By Jason Menard
Hope you’re enjoying your uhmail.
As you can see, I’m not enamoured with the Associated Press’ decision last week to drop the hyphen out of the term e-mail. Generally, I’m all in favour of the modernization of language and I’m by no means a prescriptive grammarian.
But I think the AP – and the majority of my colleagues who support this move – got this one wrong.

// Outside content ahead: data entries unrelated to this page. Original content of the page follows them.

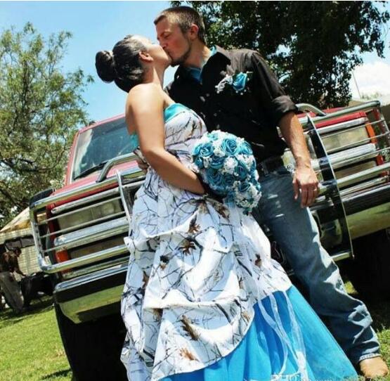White And Blue Camo Pickup Dresses Strapless Satin Snow Camo Wedding Dresses Brides Gown
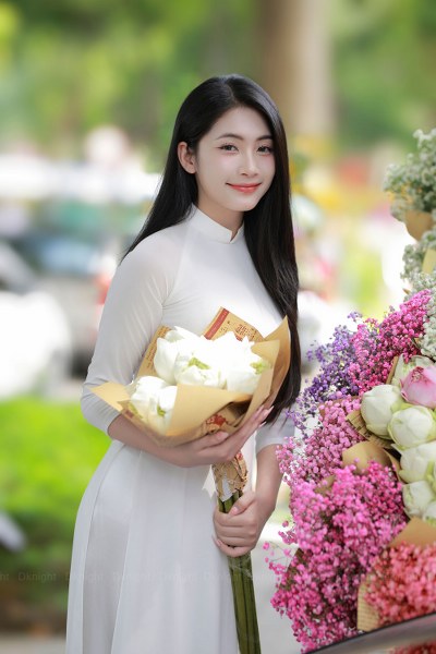 Top 10 Người đẹp xứ Tuyên 2022 Nông Thị Hằng gây chú ý với nhan sắc xinh đẹp, tinh khôi trong tà áo dài trắng đầu thu.
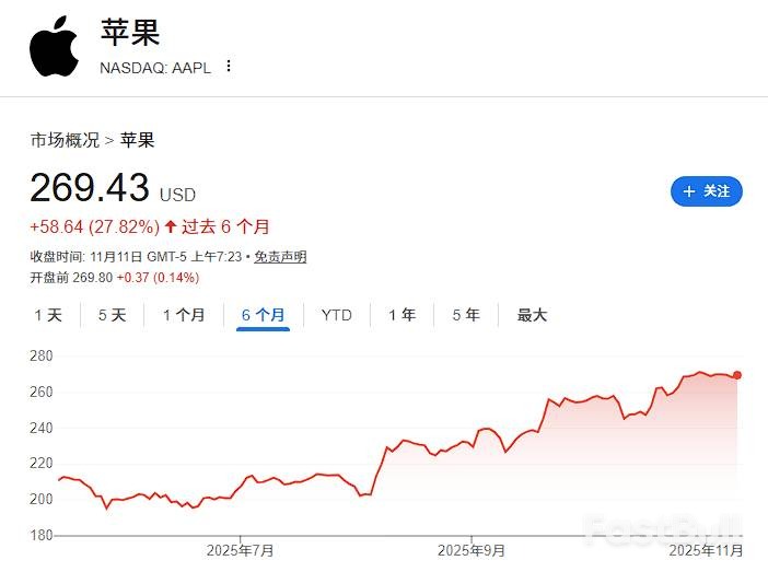 上周科技股因AI支出担忧承压时,苹果展现出明显的抗跌性。当其他科技股深陷跌势时,苹果五个交易日几乎持平。事实上,今年下半年以来苹果股价上涨31%,远超标普500指数、纳斯达克100指数及多数科技巨头竞争对手。
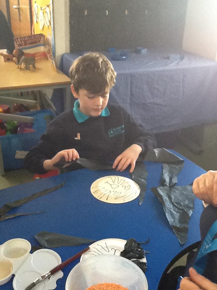 Today we made tiger faces, which links to our story 'spot goes to the circus'. We used paper plates, tissue paper and lentils. We ripped up black tissue paper to glue for the stripes and then poured the lentils on top to make the orange fur.
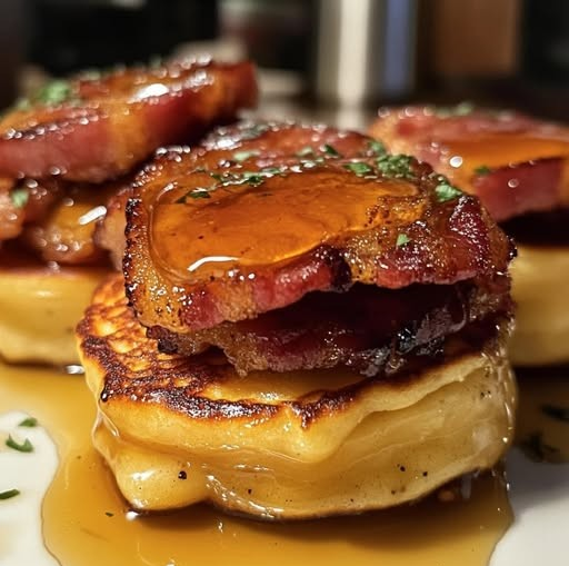 These little pancake sandwiches are magic. They’re sweet, savory, sticky, and just the right size for snacking or stacking high on a brunch board. The smoky crunch of the bacon against fluffy pancakes and silky honey butter? Absolute perfection.
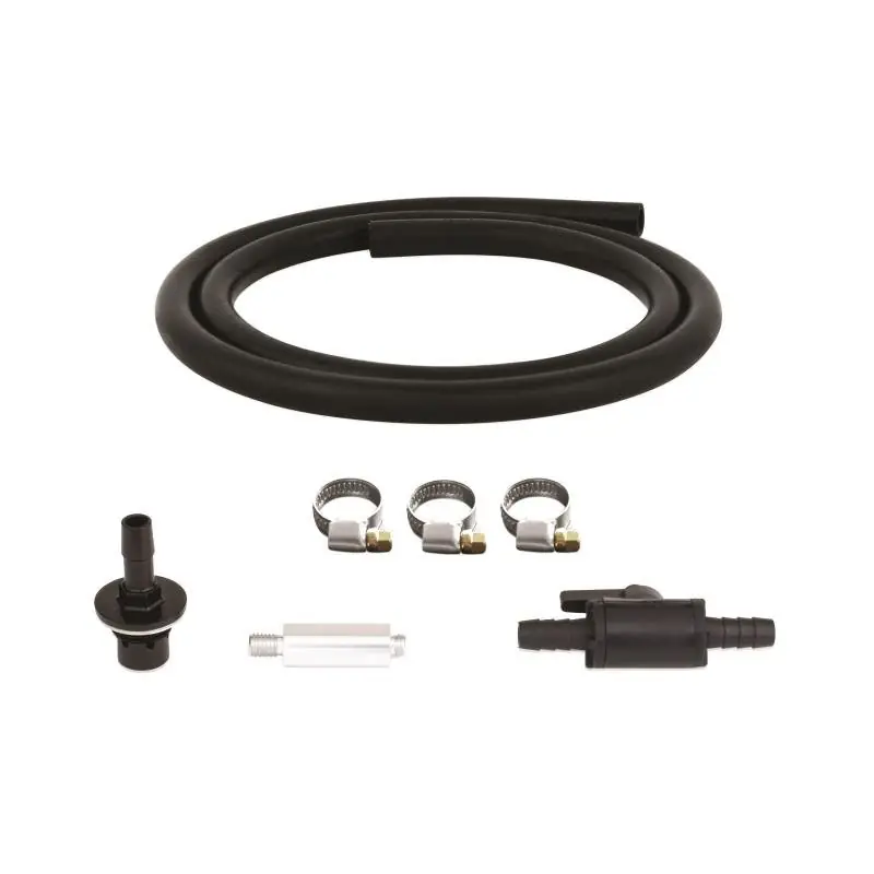 Crafted from durable 6061 aluminum with CNC machining, the barbed outlet features multiple through holes to maintain catch can functionality. The kit includes a 3/8” black nylon ball valve, 6 feet of flexible black rubber hose, and three worm-gear clamps for easy installation and secure fitment. Designed specifically for Mishimoto baffled oil catch cans, this kit ensures reliable performance and longevity backed by Mishimoto’s Lifetime Warranty.

What is e-mail? It’s a short form for the term electronic mail. I think some people may have forgotten that in their rush to christen this new word. After all, prior to the Al Gore, there was already a perfectly good system occupying that term “mail.” E-mail was an addition to the lexicon and needed the additional identifier to
differentiate the two.
Now? It’s email. No separation of the electronic from the “mail” — just a new word that’s an abomination to both grammar and phonetics.
Yes, phonetics! Look at that word – email. Now, without your previously established hyphenated biases, read that word aloud. As in, “I was reading my email yesterday.”
Did the “eeee” disappear? If you were being honest with yourself, it probably would have. And how about the syllables? No need for a dramatic pause (now that we’ve exorcised that nasty, not-so-superfluous-now-is-it? hyphen). It’s just uhmail. Or ehmail at best.
No need for a long “eee” any more. It’s all one word.
That hyphen. It was the tie that binds. It was the symbol that gave the “eee” its purpose. Without it, it has been annexed – it’s history now doomed to be forgotten. Years from now, our grandchildren will be looking back at uhmail and the “electronic” will be lost to the cyber mists of time.
Now, some of my cohorts will say, “Yes, but this is akin to dropping the two-word Web site and combining the two into website.” Yes. And I disagree with that too.
Using that logic, why aren’t people talking about dropsites, blastsites, landingsites, digsites, and archeologicalsites? After all, if we can just graft Web onto site in some unholy electronic union…
Oh, sorry, electronic is no longer recognized by the Millennial generation. We’ll just call it an unholy uhunion.
I’m all in favour of changing up the language when and where it warrants. But just as there was no need to add refudiate to the dictionary simply because of Sarah Palin’s bastardization of repudiate and refute, the poor hyphen in e-mail simply did not need to be cast aside so callously.
Unlike Ms. Palin’s speechwriter, the hyphen served a purpose. It added value to the word and helped with its pacing and delivery. It placed the one letter preceding it and the four letters that followed it into proper context.
Now, it joins the Vic 20 and the Dancing Baby of Ally McBeal fame in the scrap heap of technological progress.
It will be a sad day when spell checkers catch up and automatically correct my “slips” of the finger, removing that added hyphen. I may be alone on this one, but I, for one, lament its loss.
I, for one, completely agree with you.
I found out about the change this morning via Twitter — one of my followers excitedly posted the link, apparently very happy. It was not a great start to my day. I instantly knew that it would take me months to drop the habit. Every day, I see people typing e-mail without the hyphen. Sometimes I say something, sometimes I don’t.
The unusual pronunciation was one of my first thoughts. It’s e-mail. There’s a separation — a distinction. I think I’ll probably just start calling it “mail” and let people figure it out based on context.